– Снова не угодил, – сказал он и тут же опять пристал до брата: – А иначе как? Как иначе-то узнать и определить себя на своё место?
– Иначе никак, – усмехнулся Корней. – Только через дырку, – сказал он с горечью, которой Тиша не усвоил, и слова принял за чистую монету и потому воспрял духом.

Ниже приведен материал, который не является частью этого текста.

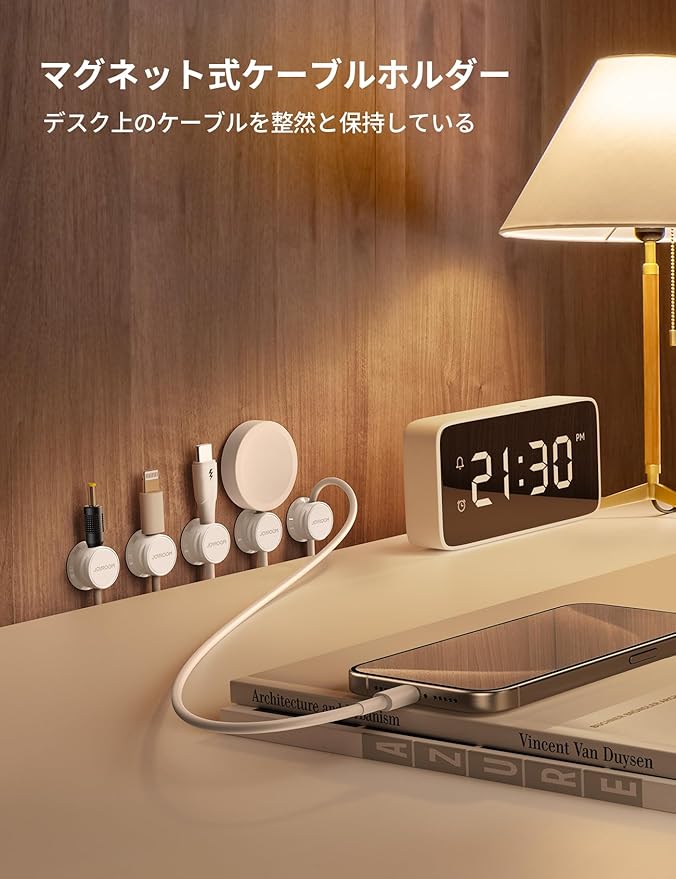 【6個セット マグネット式 】ケーブルホルダー JOYROOM ケーブルクリップ 配線止め 配線整理 ケーブルスムーズ調整可能 デスク周り コードクリップ コードホルダー 貼り付け 強力粘着 USB配線収納 卓上 デスク 机 壁 車 ナイトテーブル すっきり USB-Cケーブル固定 type-c マウスライン キーボードライン 電源コード ヘッドフォンケーブル オーディオラインなどに対応 ホワイト | etshop
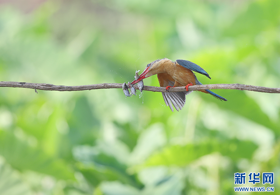 鸛嘴翡翠正在玩耍小魚(4月15日攝)。新華網發(楊學飛 攝)
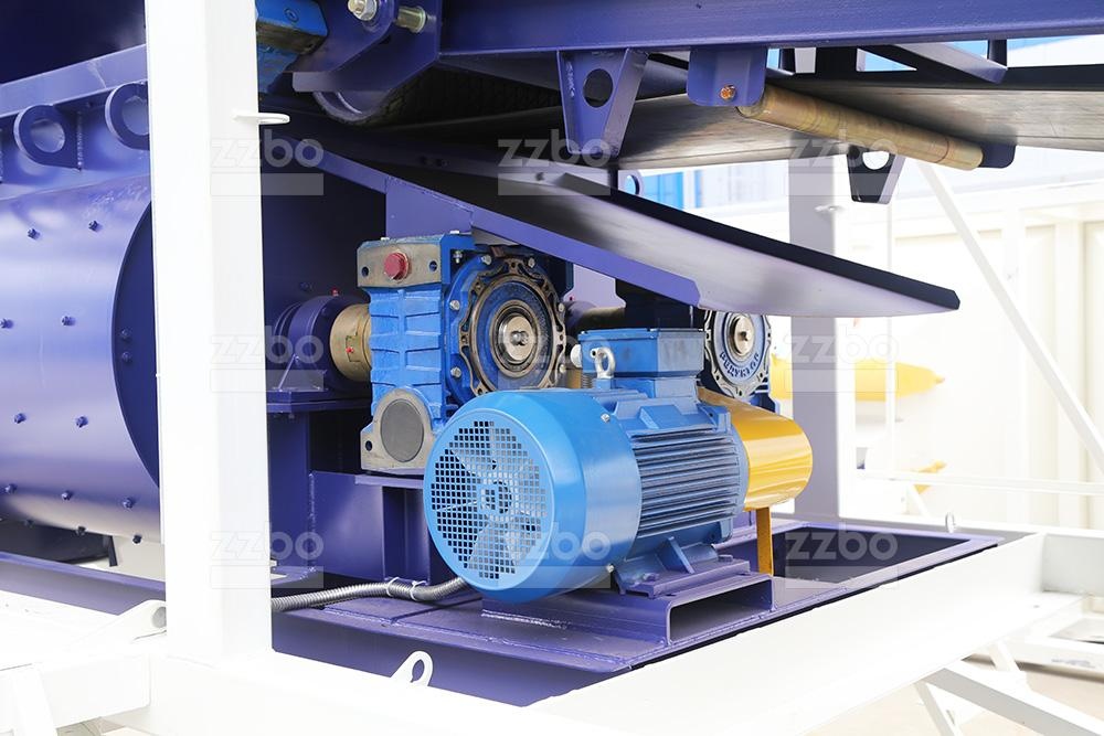 Объем 750 литров. Бетоносмеситель принудительного типа, двухвальный. С горизонтальным расположением валов. Общее количество лопастей — 14. Мощность привода смесителя 11 кВт. Вращение валов с частотой 36 оборотов в минуту.

– Вот видишь… А ты – лоботрясы… Понял, каким делом занят Богомаз? А что Мокшей-балалаечник – про этого и вовсе ничего дурного не скажу. Прохор да Нестор – те ладно. Те недосягаемы для немудрящего понимания. А этот? Чем тебе этот-то не угодил? Ведь он весь как есть на виду. Без него ни свадьбы, ни крестин, ни Рождества, ни Троицы… Когда ты поймёшь залежалым своим умом, что задарма люди никого кормить не станут? Ведь за каждый кусок, за каждый глоток Мокшею, как ты его зовёшь, Семизвону башку приходится крепко ломать. Не зря же она у него запрокидывается, не от гордыни, не от мозговой лёгкости. Он мне признался, что у него какой-то нерв от быстрого тока ума перекрутился – веки ему подёргивает. Как только припевку новую выдаст Мокшей головою, так нерв у него надструнится и дёрнет. А бабы своё рады понимать: балалаешник, вишь ты, подмаргивает им. И начинают перед ним краснеть от тайной надежды. А Мокшею плевать на всех! За ним одна барынька из уезду с лета ухлёстывает. Чо ему обзоринские курёхи? Он вымолачивает частушку за частушкой, а ты красней, хоть раскались. Мужик какой бабе за это звезданёт, а ему хоть хрен по деревне… Выдаёт сидит, ажно у чертей уши чешутся. А уж когда с лавки сорвётся да в пляс кинется – потолок стонет! Другой раз, когда придёт он к нам, я его упрошу, пущай для тебя отчебучит. Может, тогда ты его сполна оценишь. Не-ет! Ей-бо, нет. Не зря Семизвон миром кормится. Вот он сидит на гулянке и про каждого припевки складывает. Тут уж – кому смех, кому слёзы. На днях как-то с ходу про меня сморозил. Ты послушай, – предложил Тихон, запрокинул Мокшеем голову и запел, дёргая плечами:
Как у Тиши Мармухи, да,
завелися три блохи.
Тиша хочет их словить, да,
и фамилию спросить.
При этом от чрезмерного восторга Глохтун крутанул ногою и пожелал принять от Корнея одобрение.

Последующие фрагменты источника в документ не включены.